GPU-accelerated image processing in ImageJ using CLIJ
You can contribute to this project by benchmarking your system and submitting the resulting time measurement files as pull-request via github.
If you want to execute the benchmarks in this repository, we recommend installing
Furthermore, we recommend a minimum of 1 GB of GPU memory for the operations benchmarking and 4 GB of GPU memory for the workflow benchmarking.
In order to run operations benchmarking, you should clone this repository
git clone https://github.com/clij/clij-benchmarking
You can then use maven to execute the operations benchmarks
cd clij-benchmarking
mvn test
Alternatively, you can run the benchmarks from IntelliJ. Open pom.xml in the root of the repository as project with IntelliJ.

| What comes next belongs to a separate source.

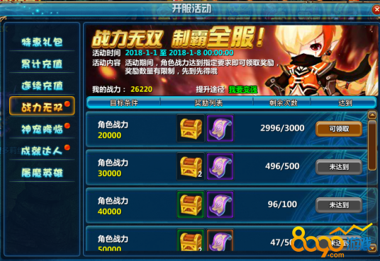 【活动内容】活动期间,角色战力到达指定阶段时可以获得对应奖励,每档奖励有领取人数的限制。

In order to benchmark the workflows, you need to download the used image data first. You can use wget for that:
mkdir clij-data
cd clij-data
for ((i=117;i<=416;i++)); do wget https://bds.mpi-cbg.de/CLIJ_benchmarking_data/000${i}.raw.tif; done
Afterwards, run Fiji and open the ImageJ macros in this folder. Adapt the folders mentioned in the header of the macros and change the computer name before running them. Please make sure that no other program is running heavy operations on the computer at the same time. Close browsers, email programs and install updates in advance. Restart Fiji before executing the benchmarking.
Please consider submitting a pull-request with your benchmarking results - especially the operations benchmarks as they may be of broad interest. This would allow us to build up a database of GPUs and their performance when using CLIJ.